Code for our EMNLP 2023 Paper: "LLM-Adapters: An Adapter Family for Parameter-Efficient Fine-Tuning of Large Language Models"

https://arxiv.org/abs/2304.01933

Apache License 2.0

1k stars 91 forks source link

Reproduce the commense results on Boolq #64

Open Zhenyu001225 opened 2 months ago

Zhenyu001225 commented 2 months ago

When I'm doing the evaluation, should I use _--load8bit?
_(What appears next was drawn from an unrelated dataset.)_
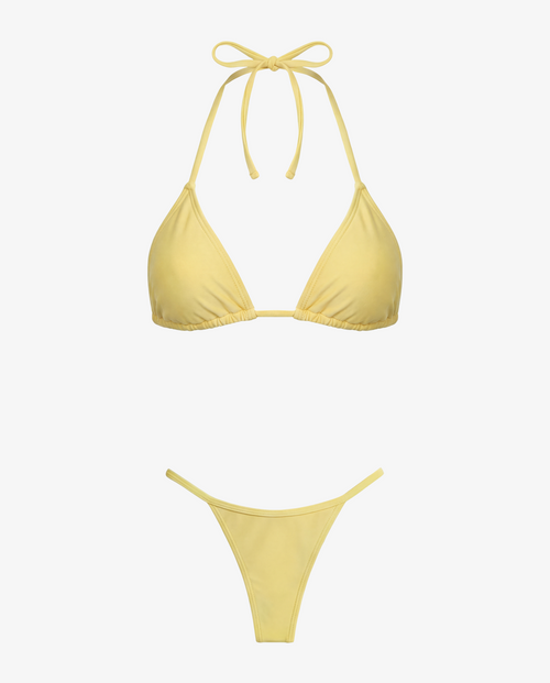 Amarração nas costas para um bronze uniforme, proteção UV, laterais sem elástico e design que valoriza o corpo.

I'm trying to reproduce the results of LLaMa-7B-LoRA

Finetune: CUDA_VISIBLE_DEVICES=8 python finetune.py --base_model 'yahma/llama-7b-hf' --data_path './ft-training_set/commonsense_170k.json' --output_dir './trained_models/llama-7b-lora-commonsense/' --batch_size 16 --micro_batch_size 4 --num_epochs 3 --learning_rate 3e-4 --cutoff_len 256 --val_set_size 120 --eval_step 80 --save_step 80 --adapter_name lora --target_modules '["q_proj", "k_proj", "v_proj", "up_proj", "down_proj"]' --lora_r 32 --lora_alpha 64

Evaluate: CUDA_VISIBLE_DEVICES=3 python commonsense_evaluate.py \ --model LLaMA-7B \ --adapter LoRA \ --dataset boolq \ --batch_size 1 \ --base_model 'yahma/llama-7b-hf' \ --lora_weights './trained_models/llama-7b-lora-commonsense/'

But the result is only 57.5 compared with the table 68.9.. Could you provide me with some insights here?
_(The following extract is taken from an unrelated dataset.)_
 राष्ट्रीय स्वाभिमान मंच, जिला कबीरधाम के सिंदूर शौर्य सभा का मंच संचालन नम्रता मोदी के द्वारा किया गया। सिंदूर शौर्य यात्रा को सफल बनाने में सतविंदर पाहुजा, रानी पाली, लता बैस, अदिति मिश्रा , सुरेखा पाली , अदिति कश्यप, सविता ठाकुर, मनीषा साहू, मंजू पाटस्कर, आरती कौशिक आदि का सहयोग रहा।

Zhenyu001225 commented 2 months ago

And for PIQA the result is 74.6 compared with data in table 80.7. For Siqa the result is 60.8 compared with data in table 77.4 Should I finetune again? Or adjusting any of the hypermeters

lucasliunju commented 2 months ago

Hi May I ask whether you solve this issue now?

wutaiqiang commented 2 months ago

btw, I find that a larger batch size would lead to some bad output while bsz=1 not.

lucasliunju commented 2 months ago

@wutaiqiang Yes, I also find this problem and bsz=1 can solve the most case, it can still output BAD result for some case.

wutaiqiang commented 2 months ago

In my case, the results are even better than reported. You should use one GPU in finetuning.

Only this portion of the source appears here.